Крупным шрифтом было отпечатано:
«Дорогой товарищ! Фашизм не пройдет! Потому что он ничего не обещает несчастным. А несчастных на земле большинство. От чумы фашизма нет вакцины! Есть штык и пуля! Все, как один, на борьбу с врагами человечества! Презрение фашизму. Да здравствует истина!»
— Справедливо. Хотя и книжно. Литературно. Листовка должна быть понятной, как команда. «Смерть немецким оккупантам!» Вот. А покуда до вашей истины доберешься… И потом, почему именно «Да здравствует истина!»? Принято иначе говорить: «Да здравствует Красная Армия!» Или: «Да здравствует партия большевиков!» А у вас что? Отсебятина, Матвей Ильич. Самодеятельность.

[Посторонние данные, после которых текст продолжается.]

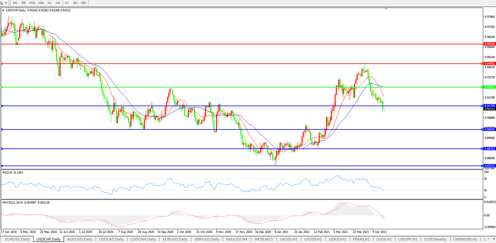 美元兑瑞郎USDCHF    日线图: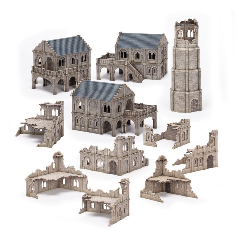 Ce kit en plastique vous permet d'assembler assez de décors modulaires sur le thème du Gondor pour constituer tout un champ de bataille, en combinant une Gondor Tower, trois sets de Gondor Mansions, et six sets de Gondor Ruins Sections. Vous pourrez agencer un champ de bataille saisissant selon une grande variété de configurations, et vous ferez des économies par rapport à l'achat de ces kits au détail.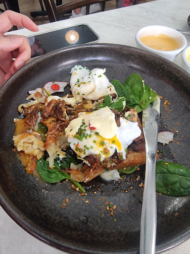 This place just out of standard. We ordered 2 signature benny and hatters breakfast. When the dishes arrived our table one of the signature benny is missing 1 sauce on top compare to another same dish. FYI, the dish is drizzle with hollandaise sauce and Sriracha sauce. When we ask the staff to give us the missing hollandaise sauce on the dish. However, they bring it back to kitchen and send it back without any sauce on signature benny (who want the egg benny without any sauce??). Then we tried to explain to the person who seem like a manager and she seem like couldn't understand what we trying to explain to her. At the end, we just ask them just give us some sauce on ramekin.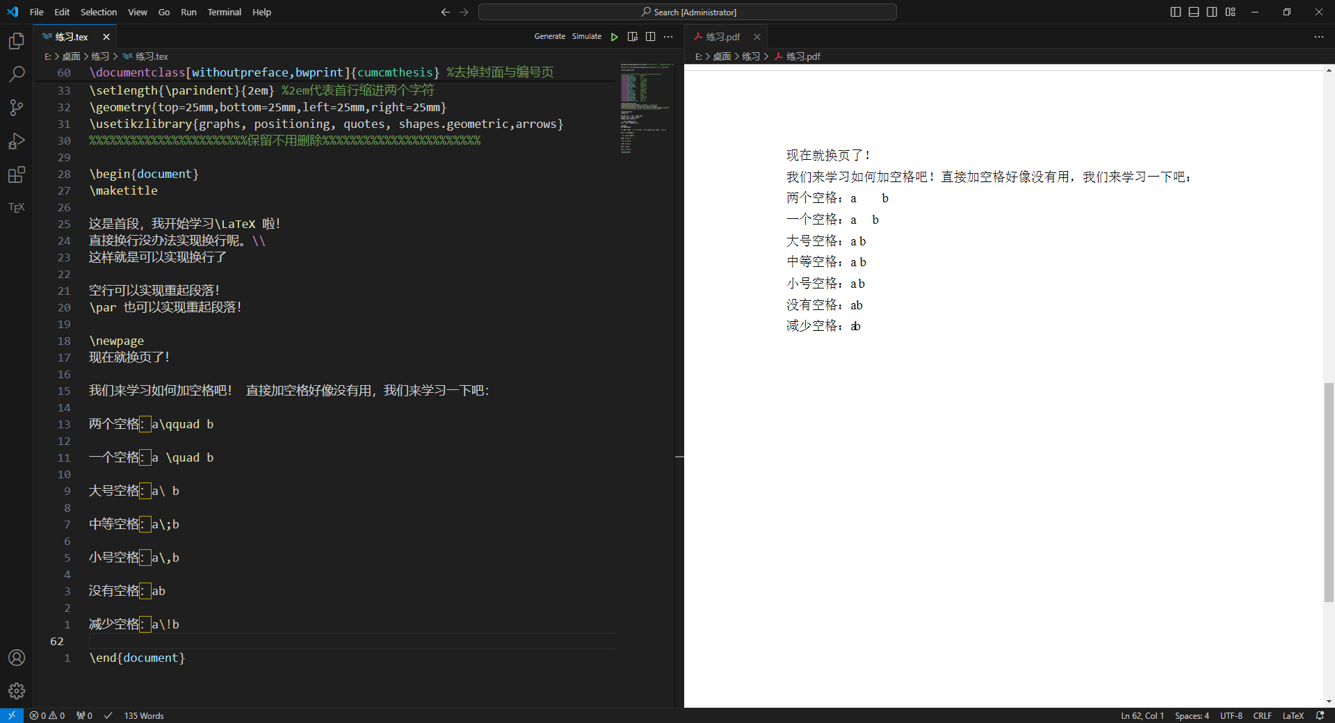 - 重起段落:直接换行是没有作用的,在LaTeX中,可以使用空行实现,或者使用命令

— Пгавильно. Самодеятельность. А как же иначе? Меня никто не инстгуктиговал. Как на душу легло, так и набгал. У вас в воззвании тоже не везде гладко со стилем. К тому же я беспагтийный…
— Не обижайтесь, Матвей Ильич… Но мне показалось вначале, что вы как… ребенок, что вы совсем беззащитный человек. Но я ошибся, приятно ошибся. И все же — осторожней. И листовку свою никому не показывайте. Слюсарев знает о ней?
— Да нет же… Я исключительно — самостоятельно. И все двадцать пять экземплягов оттиснул…
Во дворе звонко хлестнул выстрел. Эхо, отскочив от каменных стен монастыря, унеслось вослед звону разбитого стекла.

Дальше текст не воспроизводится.